RBA holds cash rate in March as economists warn interest rate cuts in 2024 look less likely

By
Sue Williams
March 19, 2024

The cash rate will continue to hold at 4.35 per cent after the Reserve Bank of Australia (RBA) decided at its second meeting of the year on Tuesday (March 19) that, basically, there’s nothing to see here.

Hopes of an early rate cut are beginning to fade with the inflation rate coming down less strongly than hoped, the labour market still tight and income-boosting tax cuts coming in the middle of the year.

“The RBA have moved into a sit-and-watch phase for a while,” said NAB group chief economist Alan Oster. “They don’t have enough data yet to do otherwise. Employment is OK, consumption is a bit weaker than we expected and inflation is a bit higher, so nothing has moved significantly.

“’It’s all a bit boring’ is basically the bottom line. But boring can be good. And it’s going to take a while before we see a cut in the cash rate; we’re not seeing that happen until maybe around November.”

The consumer price index (CPI) shows the annual pace of inflation, slowed to 4.1 per cent – significantly below the December 2022 peak of 7.8 per cent but still well above the target zone of 2-3 per cent that the RBA hopes to achieve next year.

The unemployment rate is at 3.9 per cent, on Australian Bureau of Statistics figures, and household spending increased 3 per cent over the 12 months to January 2024, with the largest rises being spending on transport, recreation and culture and health. Discretionary spending, however, rose by just 0.2 per cent.

“On the one hand, consumers are not spending very much, retail sales are flat and there’s concern that we wouldn’t like to see unemployment rise,” Oster said. “On the other, inflation globally has stayed up a bit higher than most people expected.

“But we won’t know more until the March quarter CPI figures come out in April, so it’s going to take a while before the RBA makes anything happen.”

The economic growth rate is weak, too, with the economy expanding at just 0.2 per cent in the final quarter of last year, down even on the expected rate of 0.3 per cent, keeping the outlook steady.

Home owners won't want to hear this, but cash rate cuts are not even part of the RBA's discussions yet. Photo: Tammy Law

At HSBC, chief economist for Australia, New Zealand and global commodities Paul Bloxham said inflation was coming down so slowly, the RBA might even have considered a rise in the cash rate this month.

“Cuts in the rate aren’t even in the discussion at this point,” he said. “Inflation is still too high and is coming down too slowly. Rents, insurance and electricity prices are the main items they’re pointing to as keeping the rate too high.
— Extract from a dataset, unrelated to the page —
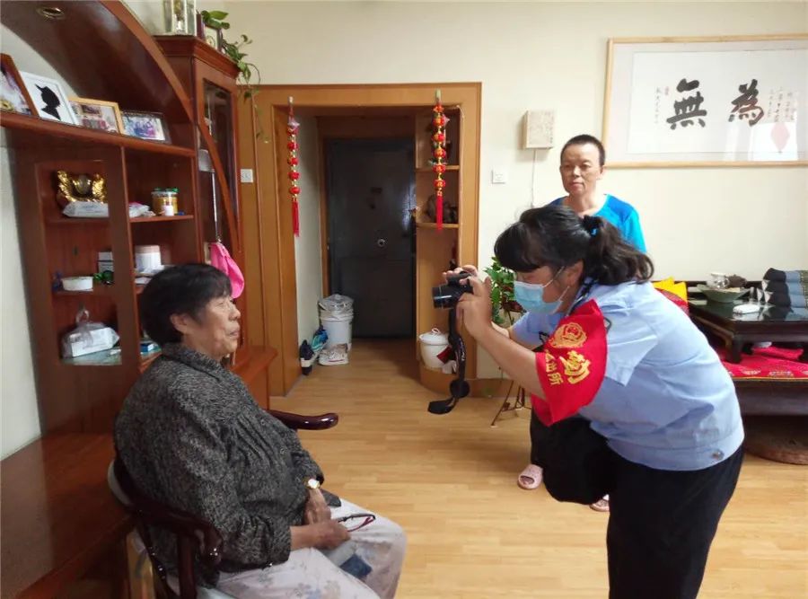 户籍民警杨柳热情的接待了邱女士,了解情况后,记录下了邱女士的联系电话及居住地址,让邱女士准备好相关材料并告知她会有工作人员上门为母亲采集办理身份证需要的照片。随后,社区中队的辅警小郭和小张与邱女士约定好时间,上门为邱女士的母亲拍照。

“At the same time, economic growth has slowed and demand is weakening which is putting downward pressure on inflation but there are challenges on the supply side, with productivity weak in Australia and tax cuts in the middle of the year that the RBA needs to take into account.
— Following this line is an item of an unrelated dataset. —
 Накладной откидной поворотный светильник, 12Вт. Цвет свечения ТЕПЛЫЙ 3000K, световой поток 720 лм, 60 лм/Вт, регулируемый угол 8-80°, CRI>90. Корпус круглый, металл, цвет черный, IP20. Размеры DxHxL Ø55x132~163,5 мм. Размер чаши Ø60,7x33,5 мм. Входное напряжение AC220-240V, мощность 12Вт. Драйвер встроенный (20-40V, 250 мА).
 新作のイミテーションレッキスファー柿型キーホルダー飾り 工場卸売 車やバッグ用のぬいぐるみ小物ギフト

“They’re likely to support growth and contribute to inflation and there’s also the risk of more spending in the budget. So we won’t get a rate cut this year; it’s more likely to be early next year.”

Despite many home buyers holding out for that rate cut, more and more economists are now moving to dampen expectations of it happening soon.
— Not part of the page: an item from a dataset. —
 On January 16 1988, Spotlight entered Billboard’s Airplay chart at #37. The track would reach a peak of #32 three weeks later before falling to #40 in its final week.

EY Oceania chief economist Cherelle Murphy is another. “You wouldn’t want to signal to the market that a rate cut is imminent,” she said. “In the worst-case scenario, it could be an own goal because it could encourage market rates to move lower before they should.

“So the RBA has to play safe. Everything is a bit fragile at the moment and inflation is still well above the target band. Unemployment is still very low, even though it’s edging up and the labour market is tight. The RBA is maintaining a fairly normal balanced view as they move forward, and we won’t see a cut for some time, potentially into next year.”

That’s grim news for those struggling to pay their mortgages – particularly if they’ve recently come off a fixed-rate cliff – and for those looking to get into the market. 

The recently released ABS lending indicator data for January found the value of refinanced mortgages dropped for the sixth month in a row to $16.07 billion – down 25 per cent from its peak six months ago.

Brighter Finance mortgage broker Marcus Roberts said many people had been hoping to see a reduction sooner.

“Many would certainly like the Reserve Bank to be cutting rates earlier as any reduction would help with their monthly repayments,” he said. “It would then also help them to manage the rising cost of living, which can be very difficult.”